### EXERCISE DIRECTIONS
In the material below, the lines from the one containing "Anzeigeblatt für die" through the one containing "The Zara Denim" are to be given again exactly, ends included, and no others.

### SUPPLIED INFORMATION
BEGIN
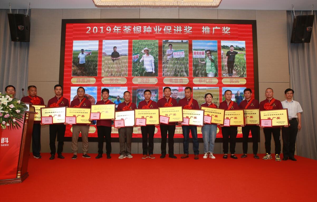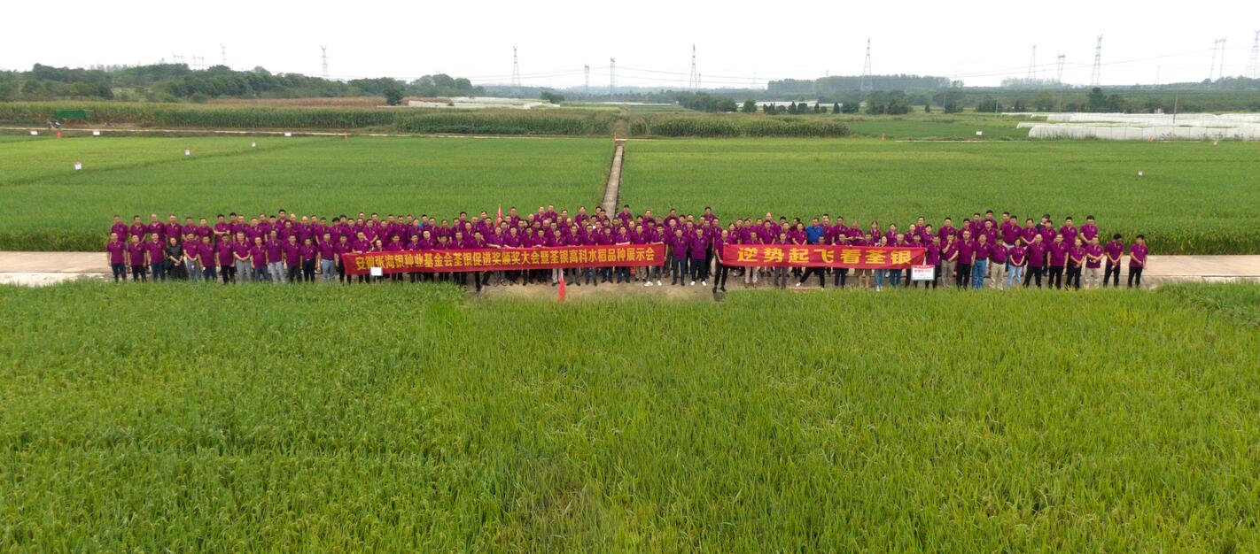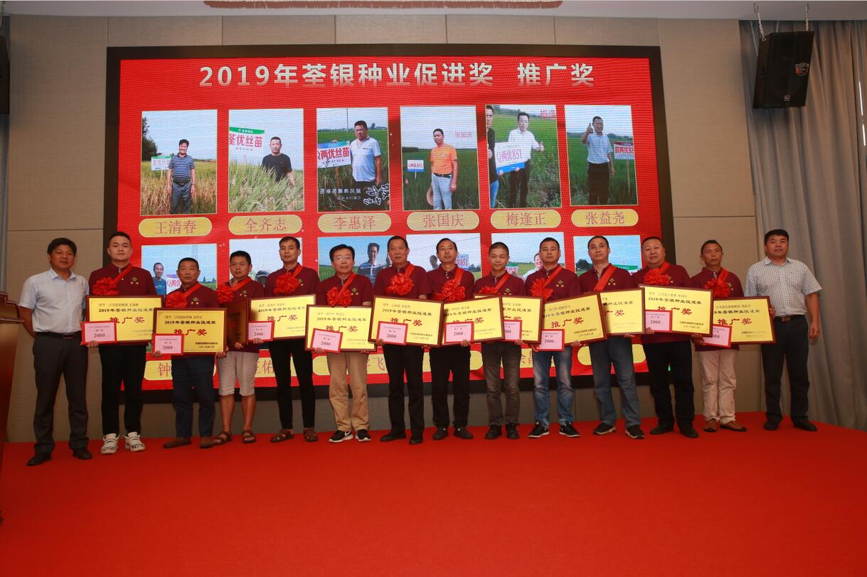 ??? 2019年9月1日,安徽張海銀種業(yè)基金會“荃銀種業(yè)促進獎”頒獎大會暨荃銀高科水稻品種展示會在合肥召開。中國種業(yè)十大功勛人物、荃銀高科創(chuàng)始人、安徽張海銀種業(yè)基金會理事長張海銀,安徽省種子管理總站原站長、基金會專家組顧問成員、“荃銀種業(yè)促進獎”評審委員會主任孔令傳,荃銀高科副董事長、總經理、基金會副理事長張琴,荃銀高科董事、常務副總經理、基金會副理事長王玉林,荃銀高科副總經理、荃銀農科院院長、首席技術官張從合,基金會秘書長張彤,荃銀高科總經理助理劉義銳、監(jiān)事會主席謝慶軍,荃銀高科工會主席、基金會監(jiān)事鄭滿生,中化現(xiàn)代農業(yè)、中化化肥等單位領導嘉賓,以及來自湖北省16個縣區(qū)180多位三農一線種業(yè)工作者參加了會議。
END
BEGIN
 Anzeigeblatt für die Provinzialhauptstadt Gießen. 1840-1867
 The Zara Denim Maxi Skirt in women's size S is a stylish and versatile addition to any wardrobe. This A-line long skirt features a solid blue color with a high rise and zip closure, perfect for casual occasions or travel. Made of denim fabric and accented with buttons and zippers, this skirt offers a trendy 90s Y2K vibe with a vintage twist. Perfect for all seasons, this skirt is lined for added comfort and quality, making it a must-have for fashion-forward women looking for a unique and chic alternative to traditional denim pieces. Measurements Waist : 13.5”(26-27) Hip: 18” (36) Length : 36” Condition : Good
END
### REPLY
 Anzeigeblatt für die Provinzialhauptstadt Gießen. 1840-1867
 The Zara Denim Maxi Skirt in women's size S is a stylish and versatile addition to any wardrobe. This A-line long skirt features a solid blue color with a high rise and zip closure, perfect for casual occasions or travel. Made of denim fabric and accented with buttons and zippers, this skirt offers a trendy 90s Y2K vibe with a vintage twist. Perfect for all seasons, this skirt is lined for added comfort and quality, making it a must-have for fashion-forward women looking for a unique and chic alternative to traditional denim pieces. Measurements Waist : 13.5”(26-27) Hip: 18” (36) Length : 36” Condition : Good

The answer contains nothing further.